*** Given information ***
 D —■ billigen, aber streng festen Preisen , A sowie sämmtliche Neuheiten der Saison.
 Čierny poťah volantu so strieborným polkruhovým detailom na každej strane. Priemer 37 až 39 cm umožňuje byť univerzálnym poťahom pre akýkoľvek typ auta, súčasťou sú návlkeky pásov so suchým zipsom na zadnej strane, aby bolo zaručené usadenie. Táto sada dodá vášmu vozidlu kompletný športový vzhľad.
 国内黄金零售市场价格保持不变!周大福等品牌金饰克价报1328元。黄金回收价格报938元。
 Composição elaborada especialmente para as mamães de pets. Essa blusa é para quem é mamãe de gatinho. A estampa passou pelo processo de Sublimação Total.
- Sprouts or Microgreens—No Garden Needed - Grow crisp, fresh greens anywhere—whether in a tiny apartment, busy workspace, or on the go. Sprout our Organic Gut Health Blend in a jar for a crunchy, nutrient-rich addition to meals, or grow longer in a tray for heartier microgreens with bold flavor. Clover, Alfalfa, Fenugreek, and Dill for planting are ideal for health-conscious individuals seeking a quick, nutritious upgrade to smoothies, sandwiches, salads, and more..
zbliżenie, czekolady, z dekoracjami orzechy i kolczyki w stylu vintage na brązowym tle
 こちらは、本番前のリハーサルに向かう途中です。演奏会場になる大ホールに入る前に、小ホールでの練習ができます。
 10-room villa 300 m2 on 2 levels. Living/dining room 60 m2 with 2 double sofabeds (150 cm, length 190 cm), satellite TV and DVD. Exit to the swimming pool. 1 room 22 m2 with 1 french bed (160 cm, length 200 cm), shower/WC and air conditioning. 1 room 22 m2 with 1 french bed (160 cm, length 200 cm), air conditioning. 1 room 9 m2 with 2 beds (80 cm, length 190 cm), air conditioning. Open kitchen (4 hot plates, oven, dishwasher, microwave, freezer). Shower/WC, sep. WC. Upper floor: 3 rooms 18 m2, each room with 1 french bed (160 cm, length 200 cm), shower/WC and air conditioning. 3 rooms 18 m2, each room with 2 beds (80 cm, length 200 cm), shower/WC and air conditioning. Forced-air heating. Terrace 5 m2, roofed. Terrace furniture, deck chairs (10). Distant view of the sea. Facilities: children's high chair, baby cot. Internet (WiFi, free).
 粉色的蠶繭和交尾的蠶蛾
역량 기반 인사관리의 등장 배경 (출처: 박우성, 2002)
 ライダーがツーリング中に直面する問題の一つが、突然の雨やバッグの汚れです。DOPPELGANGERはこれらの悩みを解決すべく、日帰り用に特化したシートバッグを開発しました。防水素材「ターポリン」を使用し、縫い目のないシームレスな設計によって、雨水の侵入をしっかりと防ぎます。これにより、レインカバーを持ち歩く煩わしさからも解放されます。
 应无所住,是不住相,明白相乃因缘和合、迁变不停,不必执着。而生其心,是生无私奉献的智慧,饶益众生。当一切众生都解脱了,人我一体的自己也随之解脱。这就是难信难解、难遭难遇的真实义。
*** End of Given information ***
Output the data exactly, in full.

 D —■ billigen, aber streng festen Preisen , A sowie sämmtliche Neuheiten der Saison.
 Čierny poťah volantu so strieborným polkruhovým detailom na každej strane. Priemer 37 až 39 cm umožňuje byť univerzálnym poťahom pre akýkoľvek typ auta, súčasťou sú návlkeky pásov so suchým zipsom na zadnej strane, aby bolo zaručené usadenie. Táto sada dodá vášmu vozidlu kompletný športový vzhľad.
 国内黄金零售市场价格保持不变!周大福等品牌金饰克价报1328元。黄金回收价格报938元。
 Composição elaborada especialmente para as mamães de pets. Essa blusa é para quem é mamãe de gatinho. A estampa passou pelo processo de Sublimação Total.
- Sprouts or Microgreens—No Garden Needed - Grow crisp, fresh greens anywhere—whether in a tiny apartment, busy workspace, or on the go. Sprout our Organic Gut Health Blend in a jar for a crunchy, nutrient-rich addition to meals, or grow longer in a tray for heartier microgreens with bold flavor. Clover, Alfalfa, Fenugreek, and Dill for planting are ideal for health-conscious individuals seeking a quick, nutritious upgrade to smoothies, sandwiches, salads, and more..
zbliżenie, czekolady, z dekoracjami orzechy i kolczyki w stylu vintage na brązowym tle
 こちらは、本番前のリハーサルに向かう途中です。演奏会場になる大ホールに入る前に、小ホールでの練習ができます。
 10-room villa 300 m2 on 2 levels. Living/dining room 60 m2 with 2 double sofabeds (150 cm, length 190 cm), satellite TV and DVD. Exit to the swimming pool. 1 room 22 m2 with 1 french bed (160 cm, length 200 cm), shower/WC and air conditioning. 1 room 22 m2 with 1 french bed (160 cm, length 200 cm), air conditioning. 1 room 9 m2 with 2 beds (80 cm, length 190 cm), air conditioning. Open kitchen (4 hot plates, oven, dishwasher, microwave, freezer). Shower/WC, sep. WC. Upper floor: 3 rooms 18 m2, each room with 1 french bed (160 cm, length 200 cm), shower/WC and air conditioning. 3 rooms 18 m2, each room with 2 beds (80 cm, length 200 cm), shower/WC and air conditioning. Forced-air heating. Terrace 5 m2, roofed. Terrace furniture, deck chairs (10). Distant view of the sea. Facilities: children's high chair, baby cot. Internet (WiFi, free).
 粉色的蠶繭和交尾的蠶蛾
역량 기반 인사관리의 등장 배경 (출처: 박우성, 2002)
 ライダーがツーリング中に直面する問題の一つが、突然の雨やバッグの汚れです。DOPPELGANGERはこれらの悩みを解決すべく、日帰り用に特化したシートバッグを開発しました。防水素材「ターポリン」を使用し、縫い目のないシームレスな設計によって、雨水の侵入をしっかりと防ぎます。これにより、レインカバーを持ち歩く煩わしさからも解放されます。
 应无所住,是不住相,明白相乃因缘和合、迁变不停,不必执着。而生其心,是生无私奉献的智慧,饶益众生。当一切众生都解脱了,人我一体的自己也随之解脱。这就是难信难解、难遭难遇的真实义。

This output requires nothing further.